Carlos Evremonde, llamado Darnay.

Este era el primer nombre de la lista correspondiente a La Force.

Cuando se pronunció este nombre, el llamado se dirigió al lugar reservado para los que habían de comparecer ante el tribunal al día siguiente. Tenía motivos para conocer esta costumbre, pues había presenciado la escena centenares de veces.

Aquella tarde había veintitrés nombres en la lista, pero solamente contestaron veinte a la llamada, porque uno había muerto en la prisión y los otros dos habían sido guillotinados ya y olvidados. La lista se leyó en la misma estancia donde Darnay viera a los presos que le dieron la bienvenida el día de su prisión, pero todos ellos habían sido asesinados ya y los que escaparon a la matanza murieron en la guillotina.

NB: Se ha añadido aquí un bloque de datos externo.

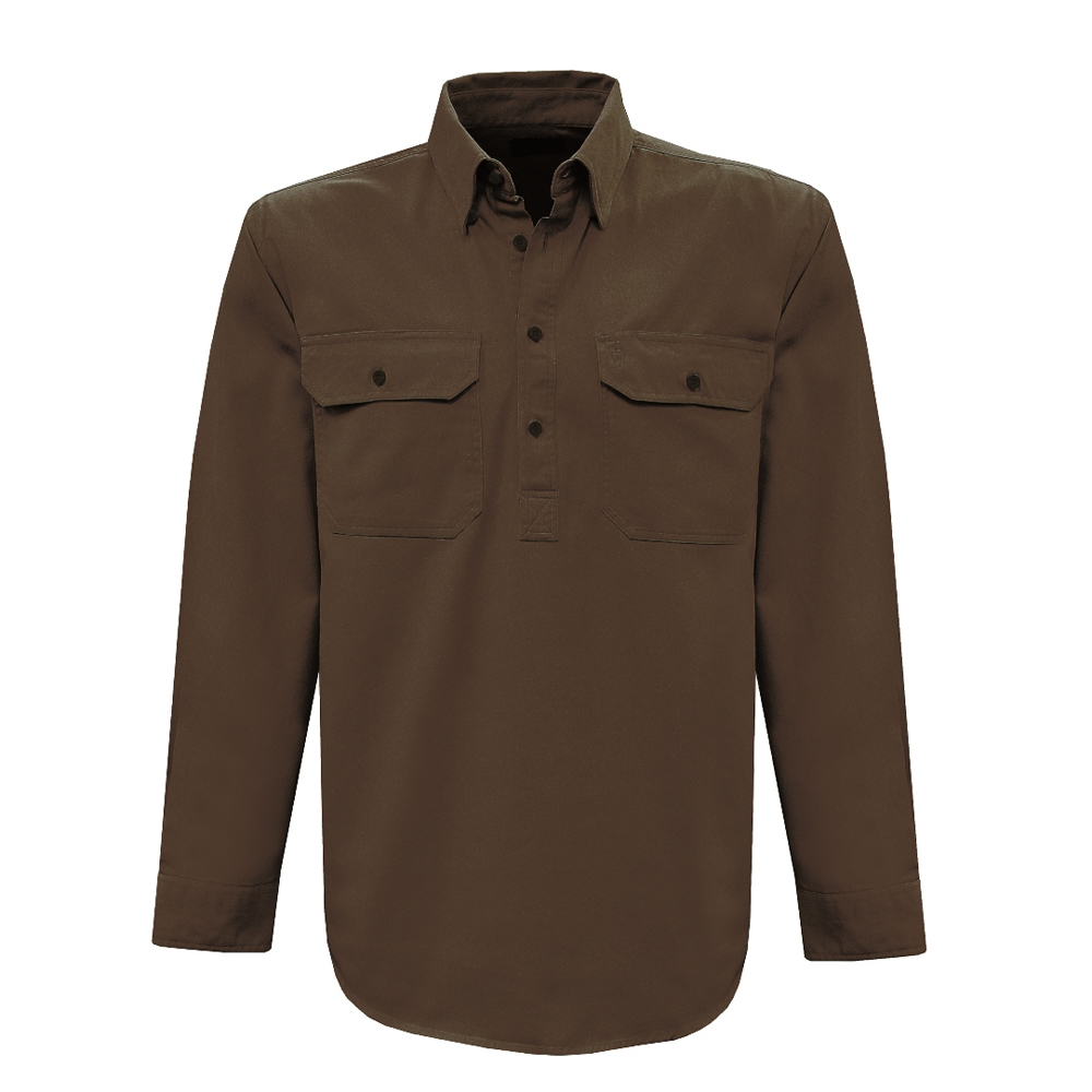 A classic work shirt, the half button is a much loved alternative to a full button shirt for country people, workers and tradies all over Australia. They're easy on/off (less buttons) and safer because there are no shirt-tails to get caught in machinery or on fences!

Se oyeron varias despedidas y algunas frases de aliento, y los presos que se quedaban se ocuparon inmediatamente en la organización de algunos festejos que tenían proyectados, de manera que apenas hicieron caso de los que se marchaban, no porque careciesen de sensibilidad, sino porque ya estaban acostumbrados.

Los presos nombrados fueron trasladados a la Conserjería, en donde pasaron una mala noche y al día siguiente comparecieron quince de ellos antes de que Carlos fuese llamado ante sus jueces. Los quince fueron condenados a muerte y en juzgarlos solamente se tardó una hora y media.

—Carlos Evremonde, llamado Darnay.

Sus jueces estaban sentados y sus cabezas se cubrían con sombreros adornados de plumas, pero todos los demás se tocaban con el gorro rojo, en el cual llevaban la escarapela tricolor. Al mirar al tribunal y a los asistentes, se podría haber creído que se había alterado el orden natural de las cosas y que los criminales juzgaban a los hombres honrados. La hez de la ciudad, los individuos más bestiales y crueles eran los que inspiraban las resoluciones del tribunal, haciendo comentarios, aplaudiendo o desaprobando e imponiendo su voluntad. Los hombres estaban armados en su inmensa mayoría y las mujeres, algunas llevaban cuchillos y puñales, y comían y bebían, en tanto que otras hacían calceta. Una de éstas mientras trabajaba, sostenía bajo el brazo una labor ya terminada. Estaba en primera fila, al lado de un hombre en quien Carlos reconoció a Defarge. Observó que una o dos veces ella le habló al oído, pero lo que más le llamó la atención fue que aquella pareja no lo mirasen ni por casualidad. Parecían estar esperando algo, y solamente dirigían miradas hacia el jurado. Debajo del Presidente se sentaba el doctor Manette, vestido como siempre, y a su lado estaba el señor Lorry. Carlos observó que estas eran las dos únicas personas que no se adornaban con los atributos soeces de la Carmañola.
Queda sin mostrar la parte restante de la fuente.